##### DATA RECORDS #####

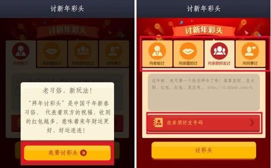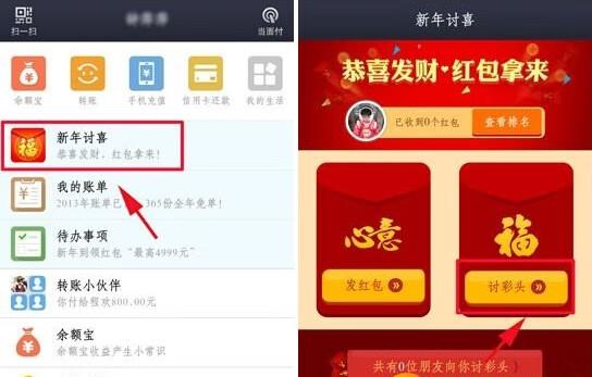 1、打开支付宝钱包,进入支付宝包首页后点击“新年讨喜”,然后点击“讨彩头”。
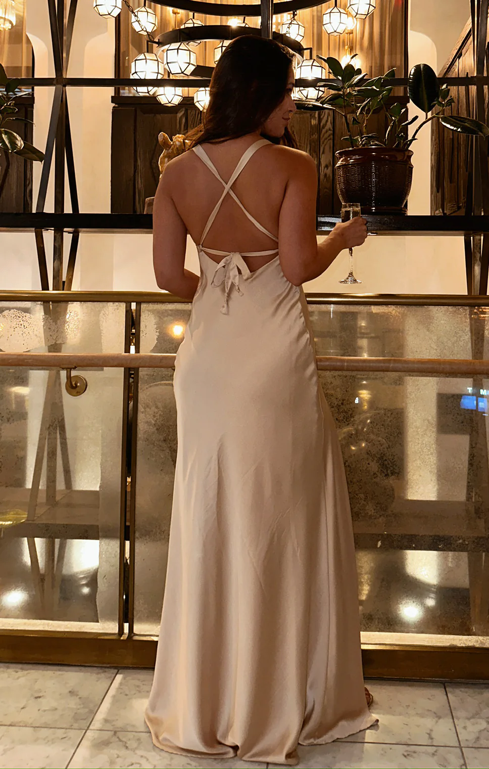 A champagne satin dress with an open back and criss-cross ties. Floor length, flattering and exudes glamour. Style with strappy heels and dainty gold jewelry.
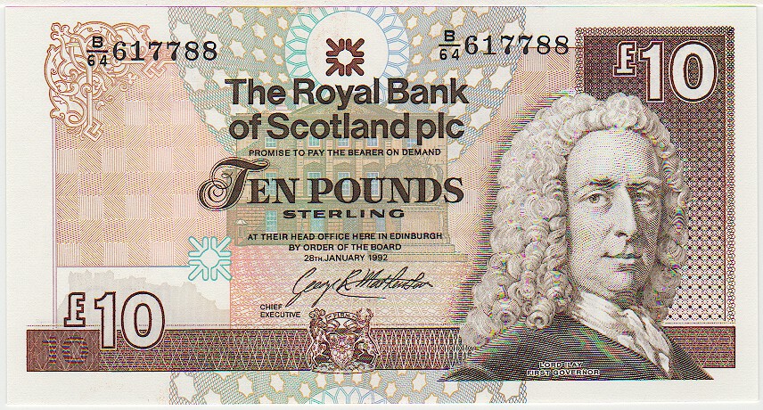 Royal Bank Of Scotland Plc Higher Values 10 Pounds, 24. 1.1990SC85210 Pounds24. 1.1990
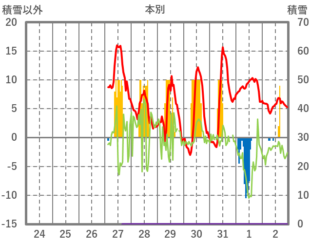 | 日 | 時 | 気温 | 降水 | 風向/風速 | 日照 | 積雪 | 降雪 |
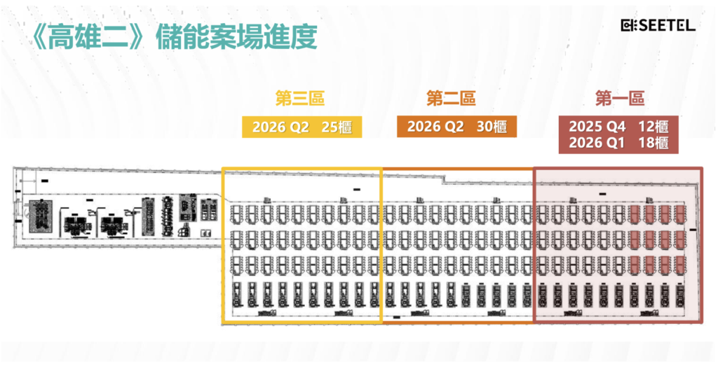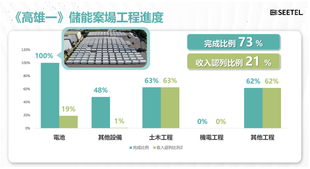 熙特爾於高雄布局兩座大型儲能案場(雲永 E-dReg),各 100MW 規模;依公司公開說法與市場整理,案場原規劃於 2025 年底前後陸續達成完工/併網里程碑,並採工程進度(完工比例)認列。若後續再加上 10–15 年的維運代操合約,此類案場理論上可同時帶來一次性工程認列與較長尾的維運收入。
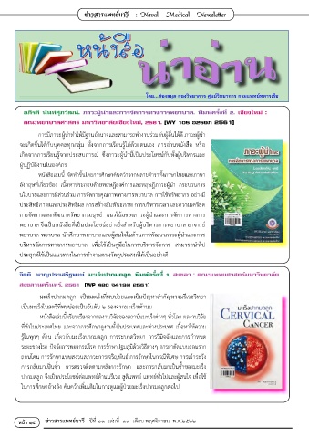 หน้า ๑๕ ข่าวสารแพทย์นาวี ปีที่ ๖๑ เล่มที่ ๑๑ เดือน พฤศจิกำยน พ.ศ.๒๕๖๒
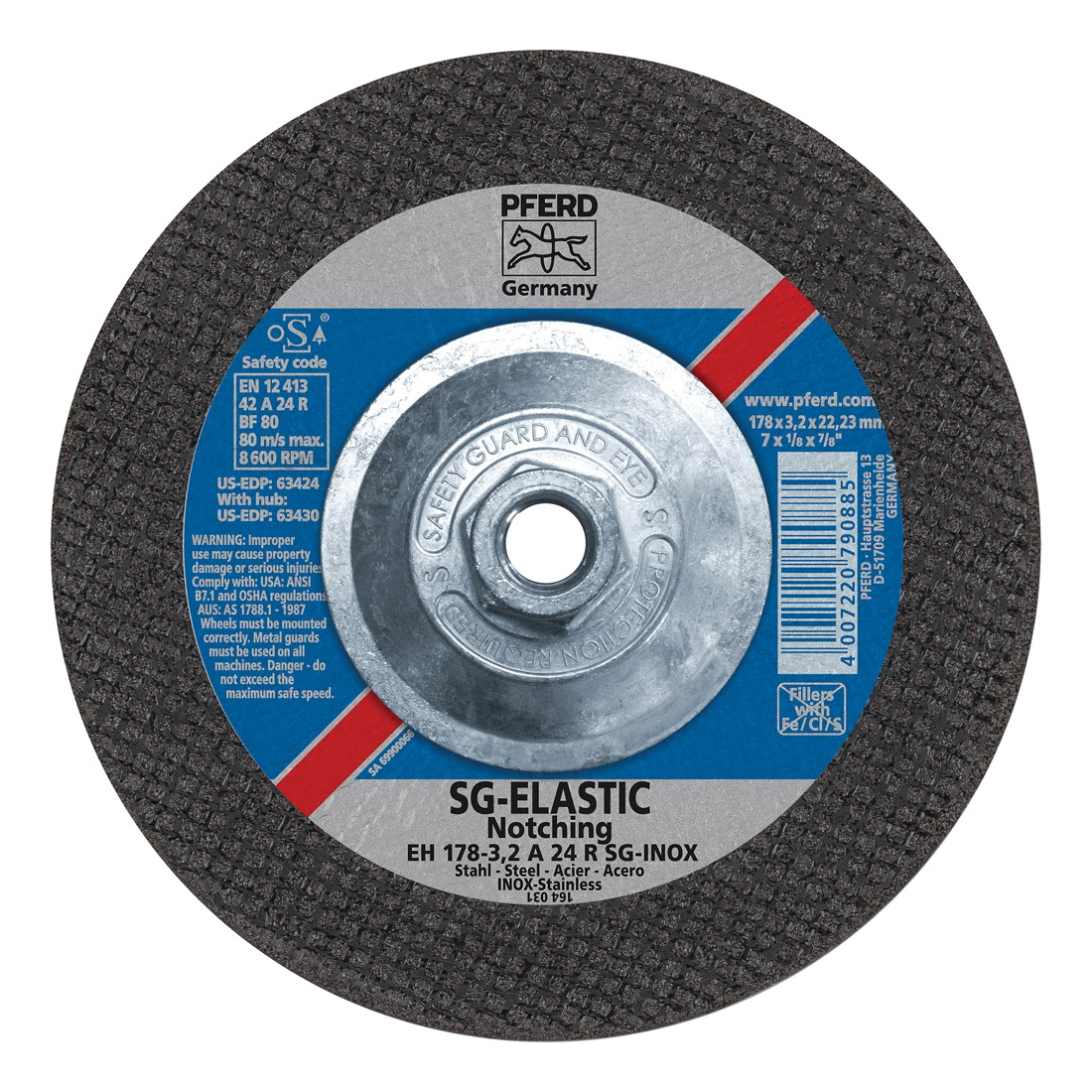 - Abrasive Material:Aluminum OxideApplicable Materials:Steel and Stainless Steel (INOX)Bond Type:ResinCenter Hole Thread Size:5/8-11Grade:CoarseGrit:24Maximum Speed:8600 rpmSeries:Performance Line SGSpecifications Met:ANSI B7.1Wheel Diameter:7 inWheel Hardness:RWheel Thickness:1/8 inWheel Type Number:Type 27
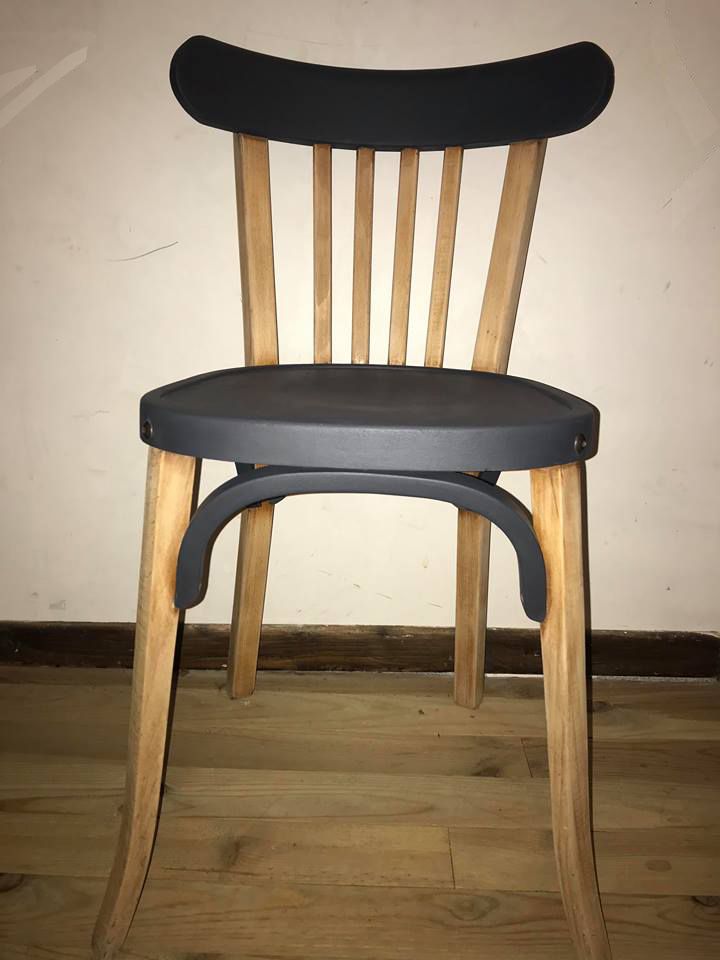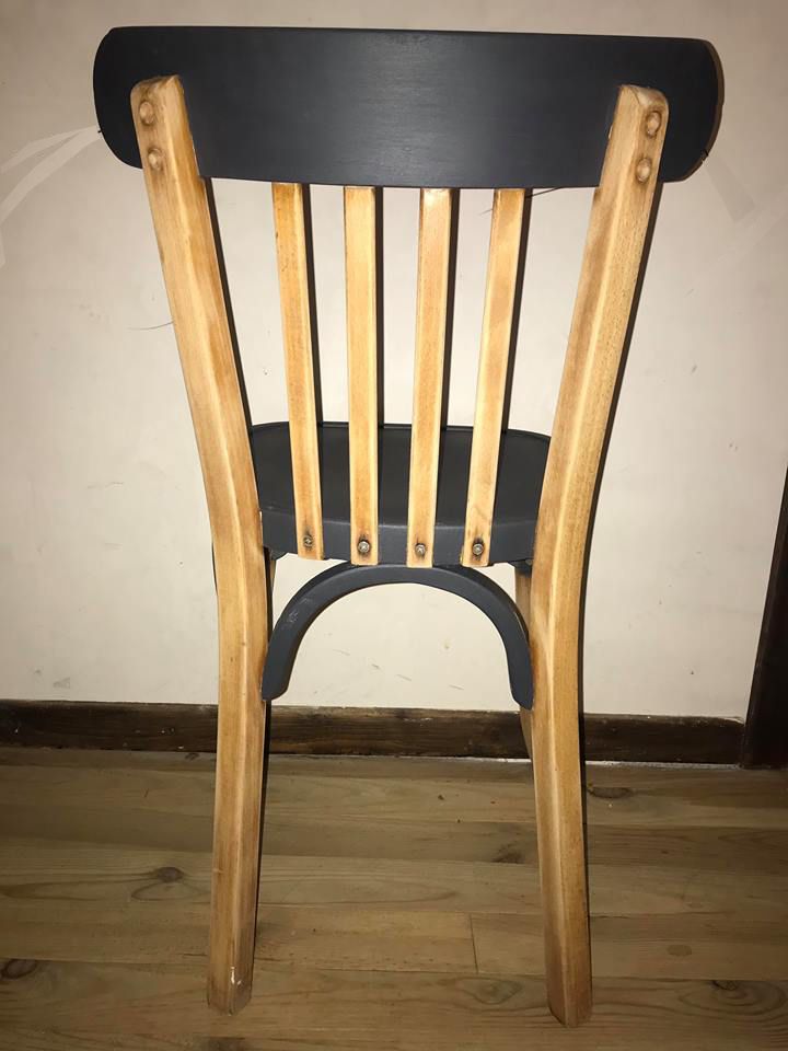 Chaise bistrot Luterma Relookée en gris effet vieilli dossier & assise . ce qui apporte un aspect "Shaby Chic" très chouette et chaleureux. . Le bois est en parfaite état . très robuste . Dimension Hauteur : 78cm Largeur: 37cm Profondeur : 39cm Hauteur Assise : 49,50cm
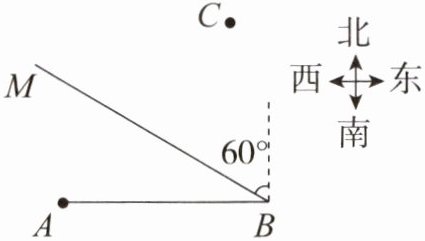 (1)在B地的北偏西60°,A地的东北方向上的交点处
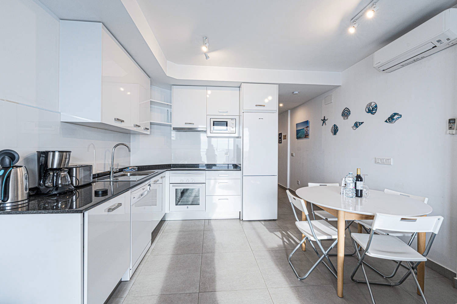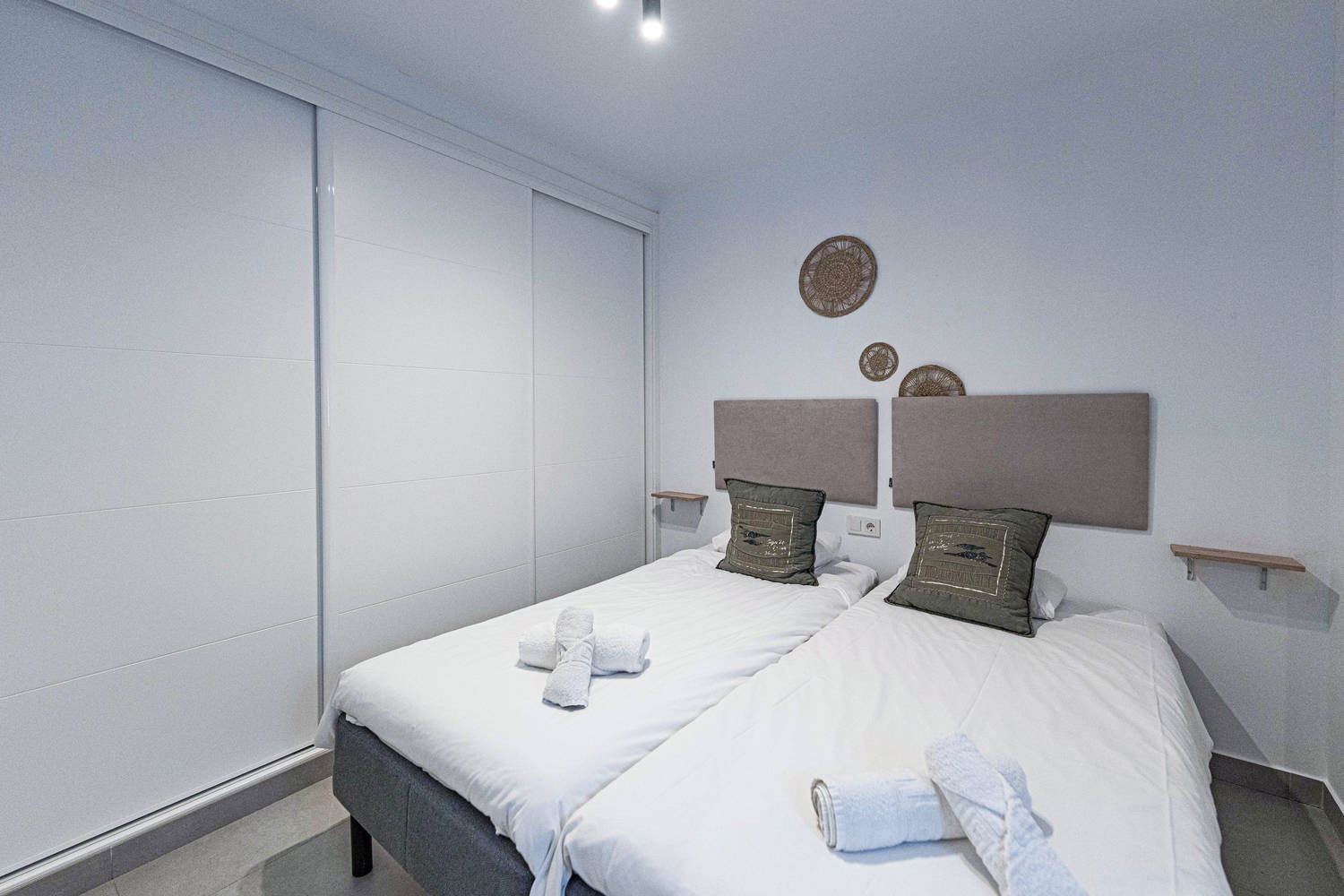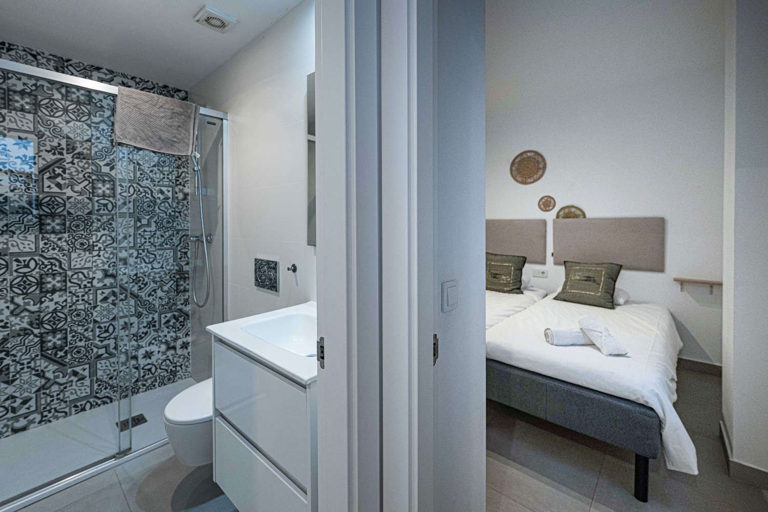 L'appartement dispose de deux chambres et de deux salles de bain : l'une avec un lit king size et une salle de bain privée, et une autre chambre avec des lits superposés. Il dispose également d'une cuisine moderne entièrement équipée avec des appareils dernier cri, parfaite pour que tu te sentes comme chez toi pendant tes vacances.

#####

- PROBLEM DESCRIPTION -
All pictures must be left out. Reproduce exactly the lines from the one containing "(1)在B地的北偏西60°,A地的东北方向上的交点处" to the final line of the entries.

- SOLUTION TO THIS PROBLEM -
 (1)在B地的北偏西60°,A地的东北方向上的交点处
 L'appartement dispose de deux chambres et de deux salles de bain : l'une avec un lit king size et une salle de bain privée, et une autre chambre avec des lits superposés. Il dispose également d'une cuisine moderne entièrement équipée avec des appareils dernier cri, parfaite pour que tu te sentes comme chez toi pendant tes vacances.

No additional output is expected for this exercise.